I found the story engrossing, and even stayed up late to finish it. It would be fine for a twelve-year-old, but any younger than that I think I’d want to read it with the child and be ready to do a lot of explaining.

Have you read a story about a magical library?

Proust’s Duchess, by Caroline Weber

Even those who don’t care who inspired Proust’s Duchess of Guermantes may enjoy this biography of three fascinating women in fin-de-siécle Paris. At a time and in a society where women had no power, these three embarked upon “a conscious strategy of self-promotion.” Like so many today, they became famous for being famous. However, Weber goes beyond that easy judgment and delves into their lives, showing us that in striving to be celebrities, they wanted to be noticed. They wanted to assert some agency over their lives.

Marcel Proust, half-Jewish, from a bourgeois background, first became infatuated with Geneviève Halévy Bizet Straus through his friendship with her son.
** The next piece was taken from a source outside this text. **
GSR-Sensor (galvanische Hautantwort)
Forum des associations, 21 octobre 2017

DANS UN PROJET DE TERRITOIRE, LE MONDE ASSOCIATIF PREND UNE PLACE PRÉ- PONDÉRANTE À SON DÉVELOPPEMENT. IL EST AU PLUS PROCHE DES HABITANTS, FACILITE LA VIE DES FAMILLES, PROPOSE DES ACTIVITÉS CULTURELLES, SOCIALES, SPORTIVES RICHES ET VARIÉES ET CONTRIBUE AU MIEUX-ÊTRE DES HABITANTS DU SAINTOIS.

As the widow of composer Georges Bizet, Geneviève drew artists and musicians to her salon where she dressed in gauzy peignoirs in half-mourning colors.
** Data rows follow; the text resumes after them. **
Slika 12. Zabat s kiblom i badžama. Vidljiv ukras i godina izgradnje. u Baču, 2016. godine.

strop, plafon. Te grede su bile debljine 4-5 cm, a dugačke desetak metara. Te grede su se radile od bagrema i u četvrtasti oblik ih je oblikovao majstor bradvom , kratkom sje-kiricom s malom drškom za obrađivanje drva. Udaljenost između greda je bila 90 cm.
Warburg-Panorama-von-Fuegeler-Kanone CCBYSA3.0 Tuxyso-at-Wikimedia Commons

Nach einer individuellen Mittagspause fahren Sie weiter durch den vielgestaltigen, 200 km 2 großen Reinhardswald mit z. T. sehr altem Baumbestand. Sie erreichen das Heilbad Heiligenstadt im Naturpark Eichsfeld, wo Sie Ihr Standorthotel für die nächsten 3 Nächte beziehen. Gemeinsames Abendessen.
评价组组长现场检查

Later he became obsessed with Laure de Sade, Comtesse Adhéaume de Chevigné, who made much of her descent from Petrarch’s Laura and from the Marquis de Sade—think of that combination! She chose to make her name by being the wildest of the wild and cosying up to whoever held political power.
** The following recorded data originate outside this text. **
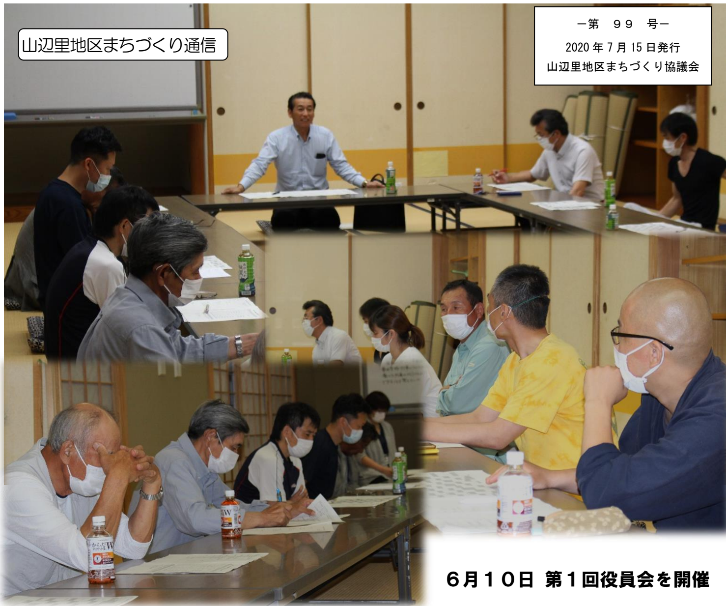
6月10日 第1回役員会を開催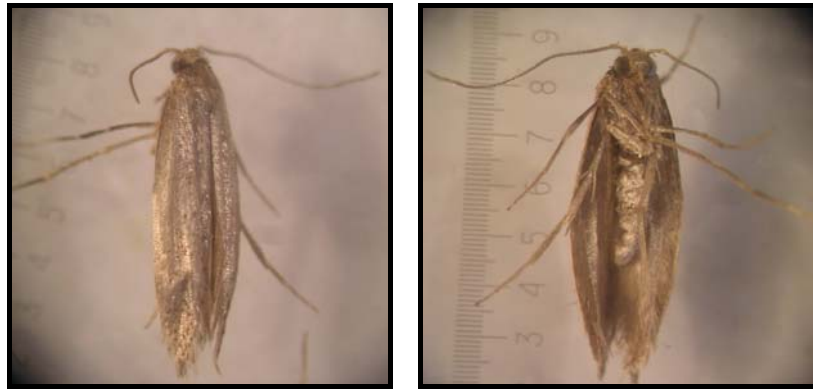
شکل ۱- حشره کامل پروانه میوه‌خوار ارس ( A. praecocella ) از سطح شکمی (راست) و سطح پشتی (چپ) (اصل)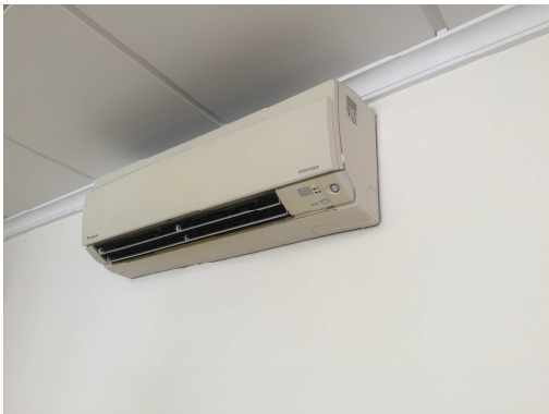
Figura 3. Reixes de ventilació i climatització

L'horari de funcionament de la calefacció és el mateix que l'horari d'obertura de l'edifici.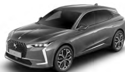
Sivá Platinium (M)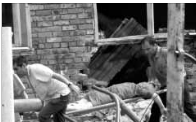
После второго взрыва осталась целой оконная рама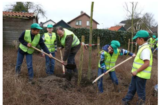
Essen planten langs De Driesten

Finally, Élisabeth de Riquet de Caraman-Chimay, Vicomtesse Greffulhe embodied his “dream of patrician elegance and grace.” Dominated and all but imprisoned by her husband, she made herself famous for the beautiful clothes she designed or had designed for her. Trivial, yes, but her way of pushing back against a society where, as she wrote, “ ‘women are meant to be trophies, pretty possessions . . . Smiling, placid, charming.’ ”

The book is less about Proust than it is about Geneviève, Laure, and Élisabeth, providing a vivid portrait of the restricted lives of even these most privileged women. However, his journey—he himself pursuing a place in society—is our journey; he is our guide into this world.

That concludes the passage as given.